In September, Londoners will experience an aural and visual journey through La Mixteca in Jorge Martínez Valderrama’s newest artwork: ‘Saa Ñu’ú’ (Birds Clay). Inspired by a symphony of sounds from nature, as well as using instruments that have been played for millennia, the artist has created a piece that transports the audience to a different reality.
Wind rustling in cactus needles and water trickling down streams are just some of the elements that were recorded in the field, and that Martínez Valderrama has combined flawlessly to offer an unparalleled experience of the Ñuu Savi (People of the Rain) landscape in the Mexican states of Oaxaca, Puebla and Guerrero.
This artwork is the result of a digital artist residency at the Santo Domingo Centre of Excellence for Latin American Research at the British Museum. For this project, Martínez Valderrama researched Mesoamerican musical instruments and pictorial manuscripts in the collection and collaborated with the descendants of the Indigenous communities who created them.

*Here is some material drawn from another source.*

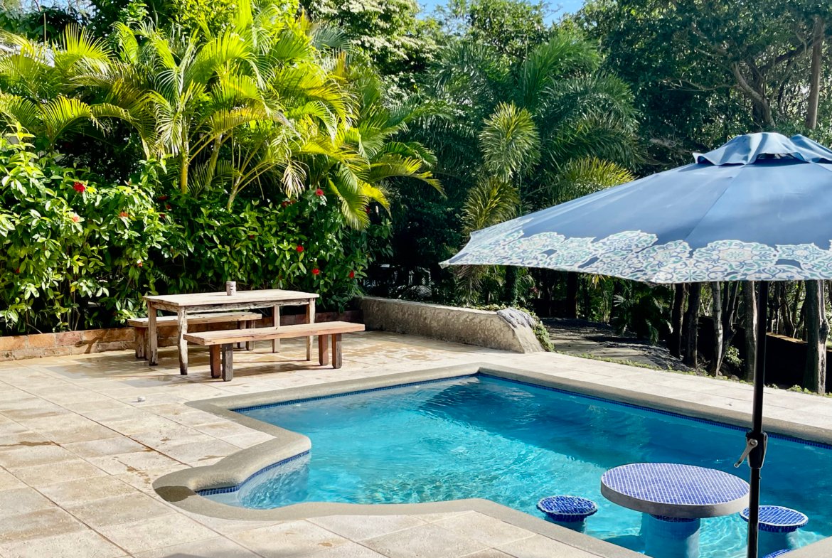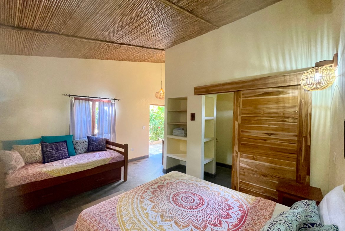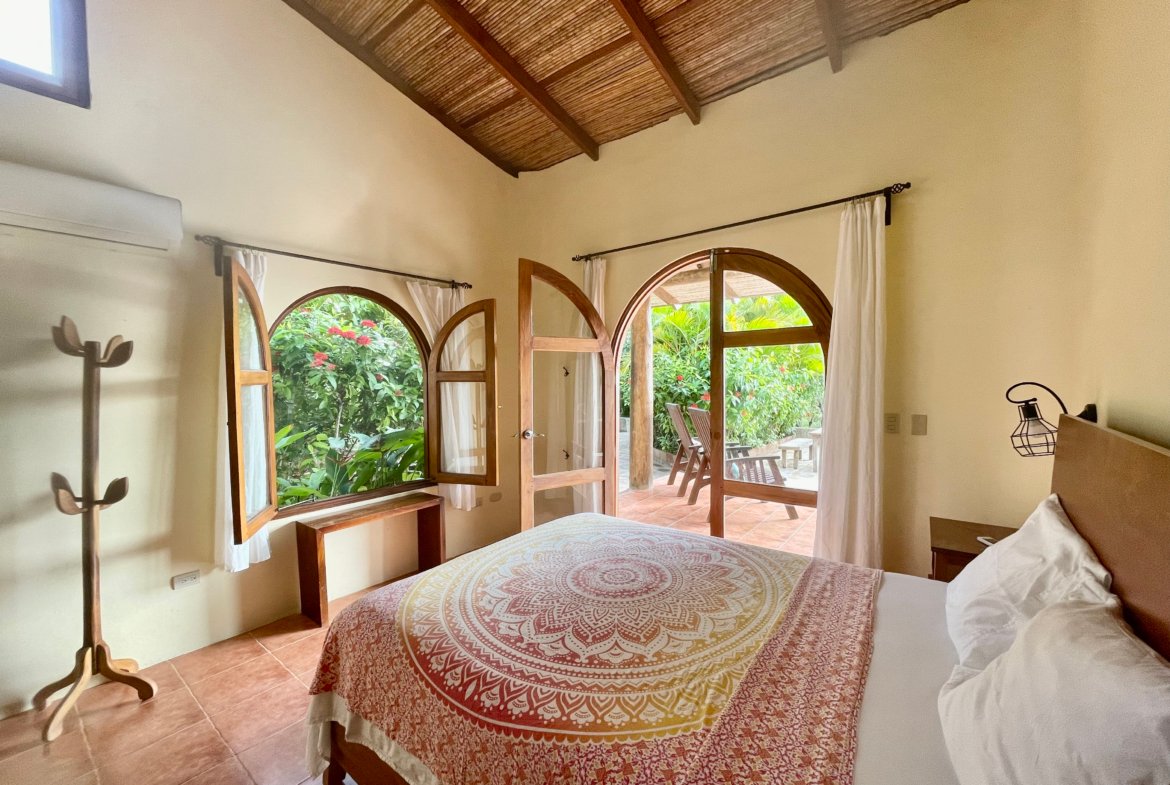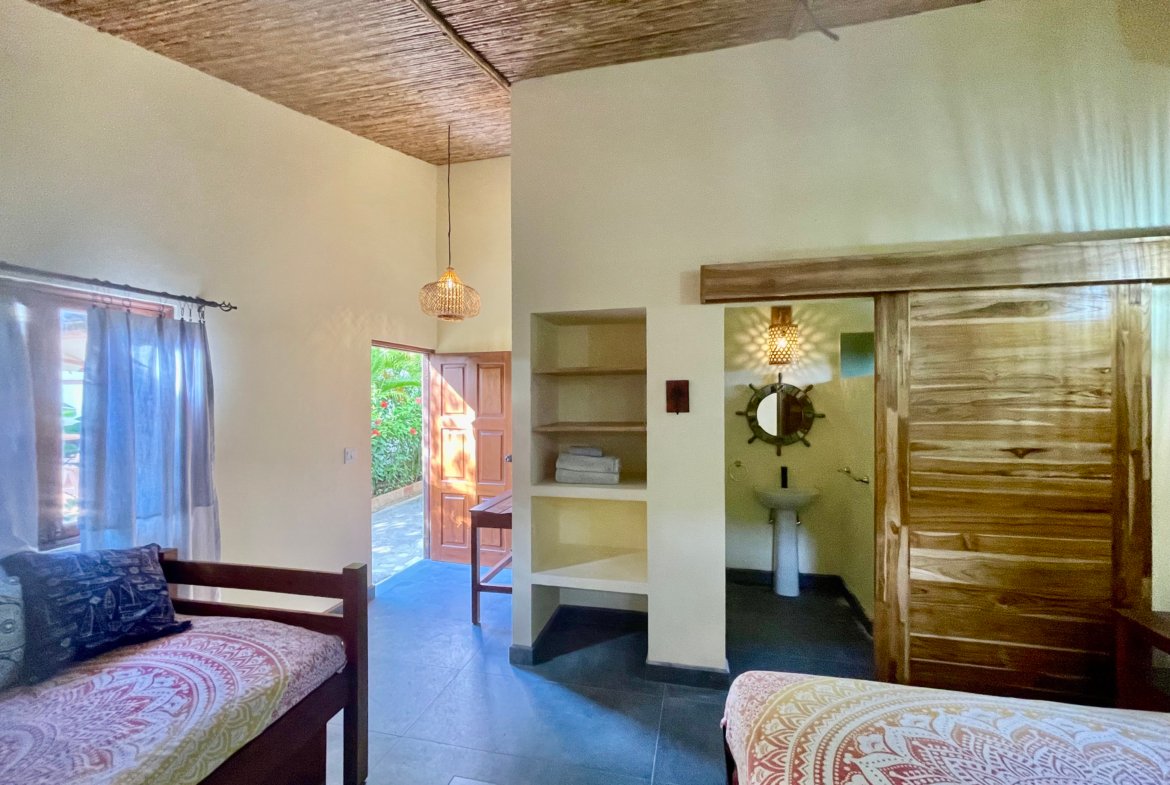 Three Luxurious Suites: Three private master suites surround the central pool and outdoor living area, creating a harmonious blend of indoor and outdoor living. Each suite features a private bathroom, custom wood furniture, air conditioning, hot water, and large walk-in showers.

The artist worked with Mixtec musician Luis Fernando García Acevedo and Mixtec poet Nadia Ñuu Savi, putting Indigenous knowledge and experience at the centre by leaving their music and poetry unaltered within his composition. By combining these untouched pieces with manipulated sounds and videos of the landscape, he invites us to contemplate the sounds and environments that go unheard at the museum.
‘My artistic proposal stems from the juxtaposition of different elements and materials to discover aesthetic intersections, through moments of ambiguity and mystery. I believe that art can be revealing and meaningful, but also introspective and reflective. In the audience I hope to elicit contemplative listening, attention to the elements, to space and memory, to the resonances of those aural environments that resist and exceed time’, explains Jorge Martínez Valderrama.
The exhibition ‘Saa Ñu’ú (Birds Clay)’ by Jorge Martínez Valderrama will be held at the UK Mexican Arts Society from September 3 to October 5, 2021. Entry is free and the gallery will be open Tuesday to Saturday 12-6 pm.